PROBLEM STATEMENT:
Pictures stay out of the copy. Repeat exactly the lines from the first entry below through the line that contains "Отзывы на Провода", and nothing beyond.

*** SOURCE INFORMATION Section Begins ***

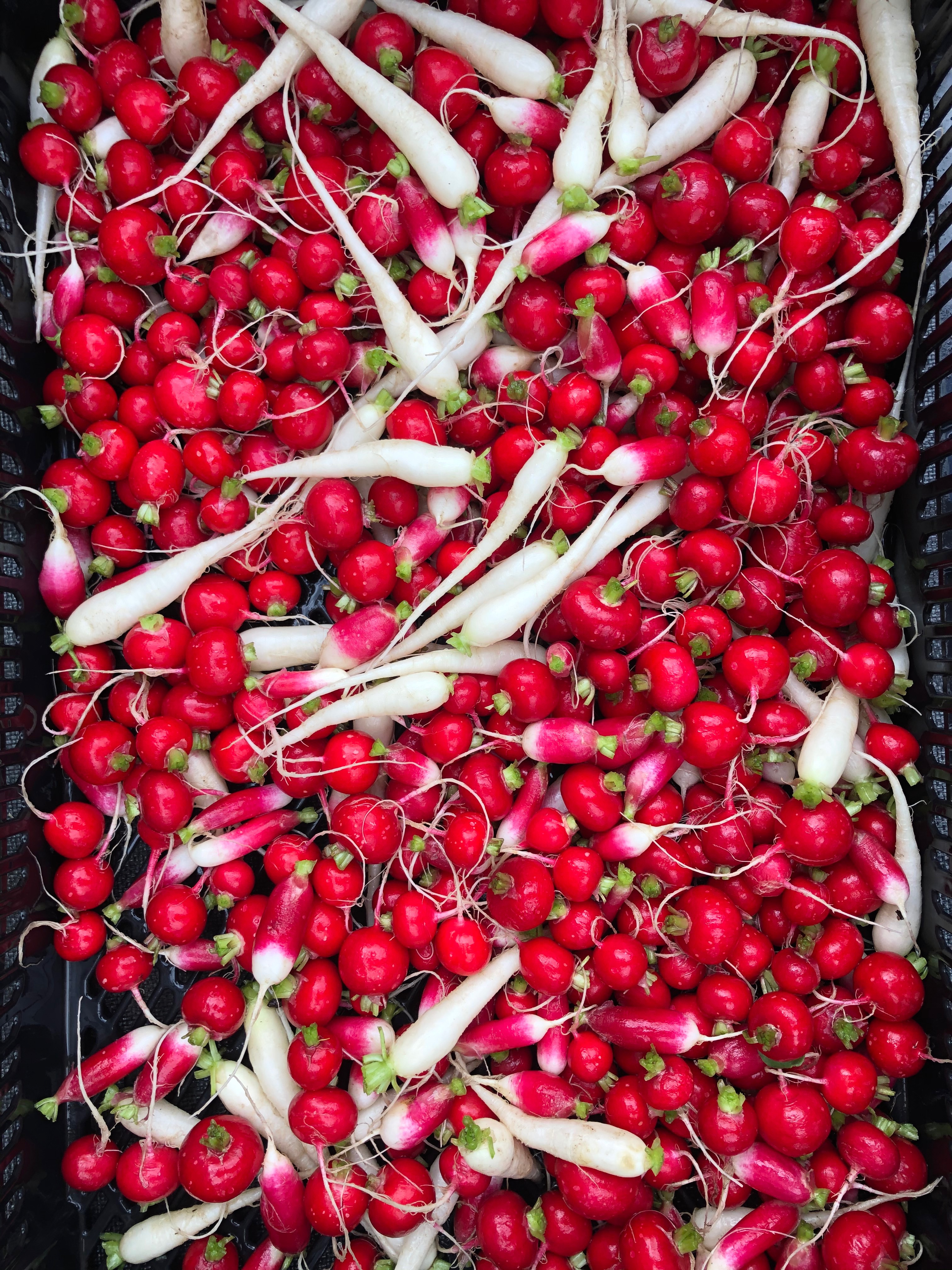 Radish Medley-3 varieties planted early in the hoop house. Delicious.
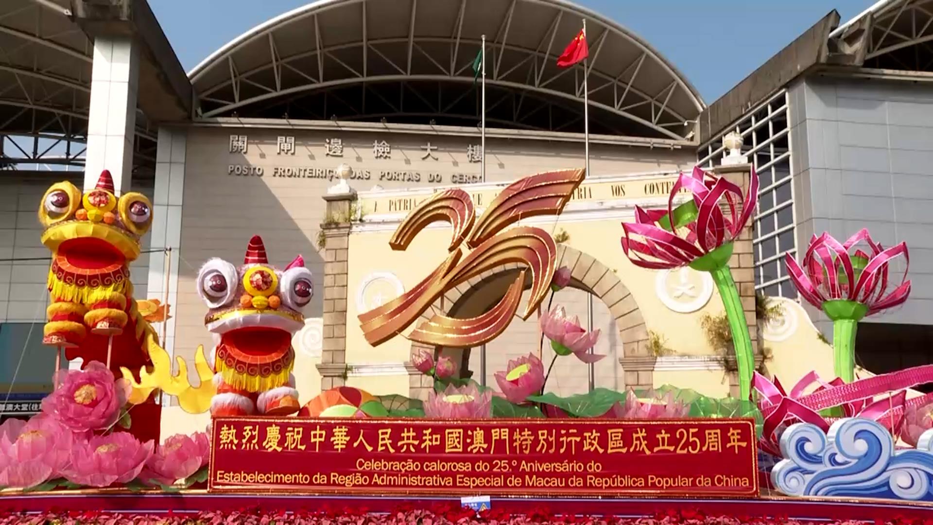 鮮艷的五星紅旗和澳門特區(qū)區(qū)旗迎風(fēng)飄揚(yáng)
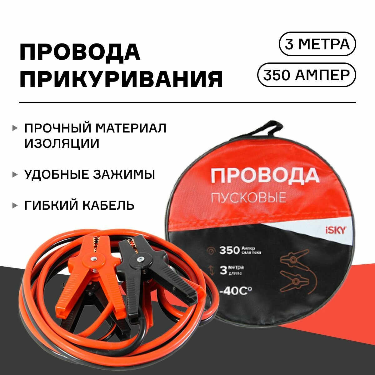 Отзывы на Провода прикуривания iSky, 350 Амп., 3 м, в сумке арт. iJL-350
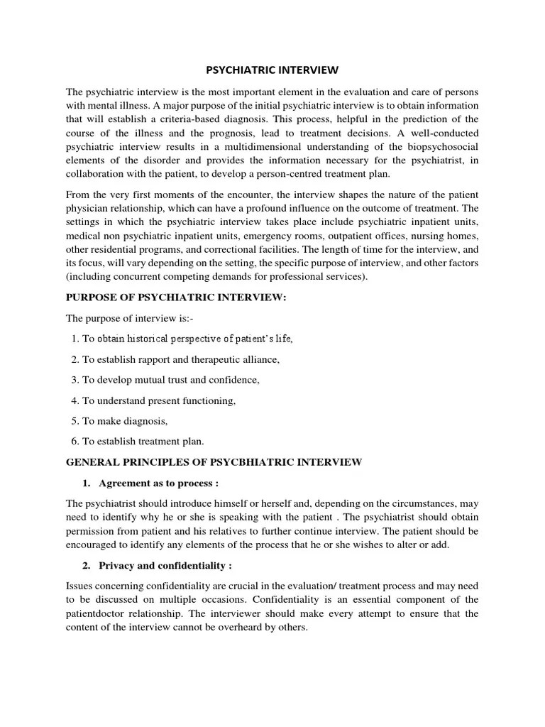 Web psychiatric interview the purpose of a psychiatric interview is to establish a therapeutic relationship with the patient to collect, organize and formulate a differential diagnosis and. Web 2:48 whether you are preparing to interview a candidate or applying for a job, review our list of top psychiatrist interview questions and answers. As a psychiatrist, how would. Web general interviewing approaches to psychiatric symptoms psychiatric symptoms are often difficult for patients to discuss.
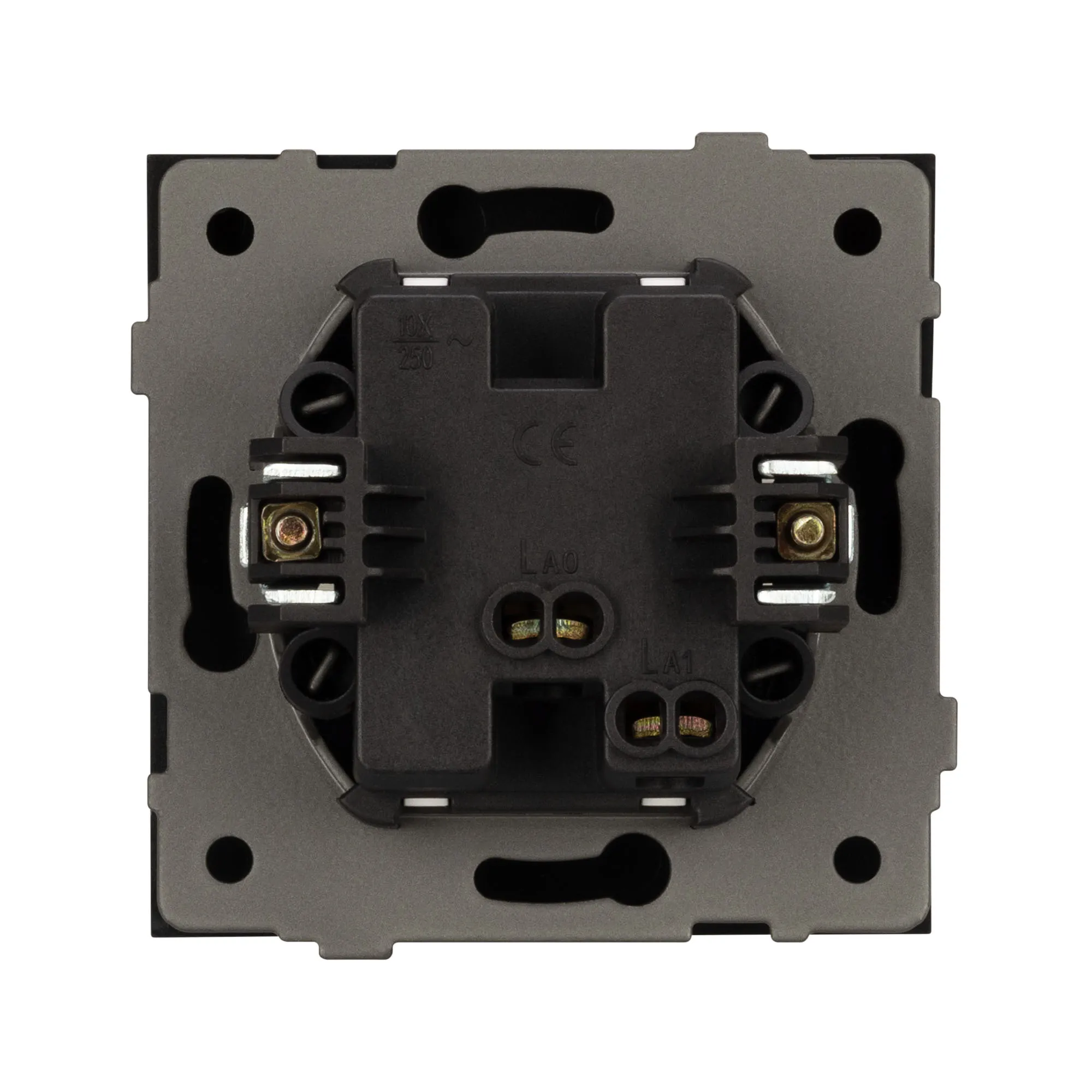 Механизм звонкового выключателя на 1 пост 1 клавиша. Цвет - черный. Без фронтальной рамки. Уровень пылевлагозащиты IP20. Выключатель устанавливается в стандартный подрозетник круглого сечения диаметром 60мм.
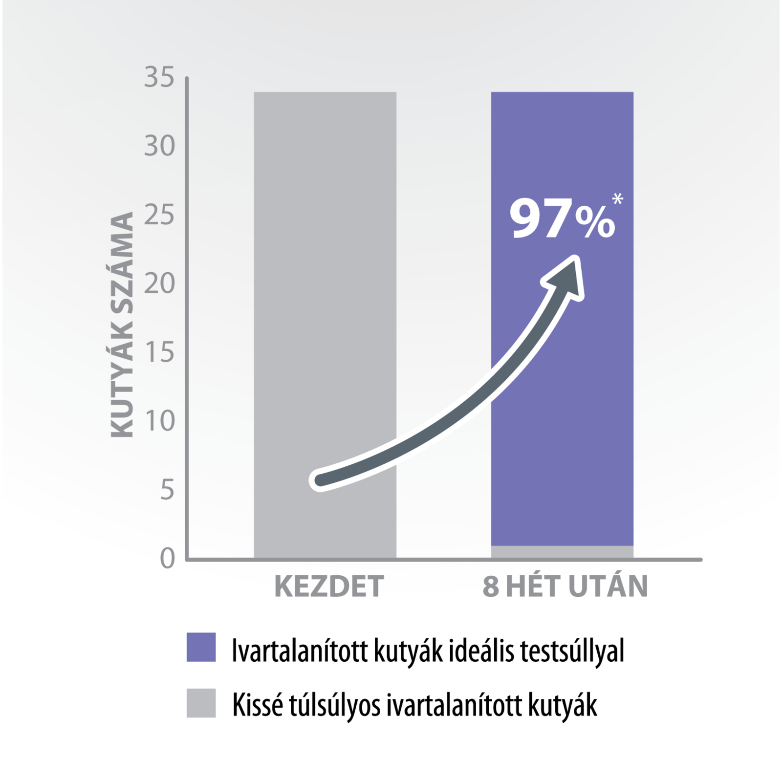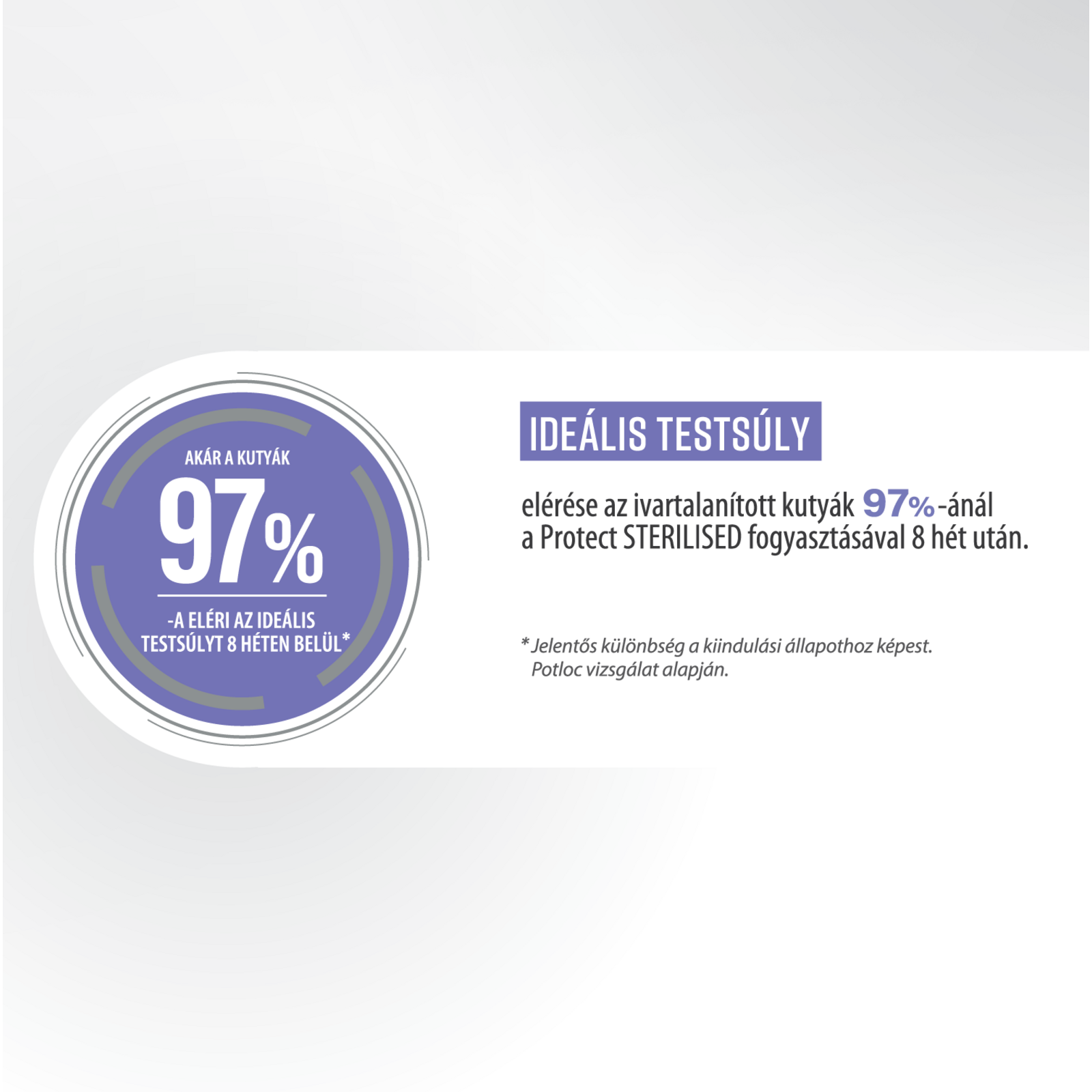 Akár az ivartalanított kutyák 97%-a eléri az ideális testsúlyt 8 után után a Protect STERILISED táp fogyasztásával.

*** SOURCE INFORMATION Section Ends ***

TASK OUTPUT:
 Radish Medley-3 varieties planted early in the hoop house. Delicious.
 鮮艷的五星紅旗和澳門特區(qū)區(qū)旗迎風(fēng)飄揚(yáng)
 Отзывы на Провода прикуривания iSky, 350 Амп., 3 м, в сумке арт. iJL-350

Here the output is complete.